Understanding the programming language of DNA?

General Questions
#1

Do we know anything about the “programming language” of DNA? I don’t have a better term than programming language, but what I mean is the A’s and T’s, C’s and G’s encode certain proteins (we know this much: http://en.wikipedia.org/wiki/File:GeneticCode21-version-2.svg). But do we know how all these various proteins are read and translated into actually making an organism?

What reads all these proteins and determines that it means “make two legs, with 5 toes on each foot”? Something in the programming language must understand how all this data is translated into making 4 fingers and a thumb, or making a dorsal fin, or making a nose that can smell 1000 times better than a human nose. Could we rewrite the DNA to make someone have 100 fingers on each hand?
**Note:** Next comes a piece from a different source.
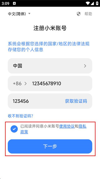 4、勾选已阅读并同意相关协议,点击下一步,完成注册后即可登录。

If DNA can code for 5 fingers, why not 100?

I know we know enough to identify certain genes and sometimes we can splice them into other animal’s DNA. Sheep whose milk produces spider silk etc. But what reads the particular section of DNA and translates that into making spider silk? Could I sit down and make DNA that would cause an organism to produce acetaminophen? Do we know how this would work? There has to be some underlying “language” to this, right?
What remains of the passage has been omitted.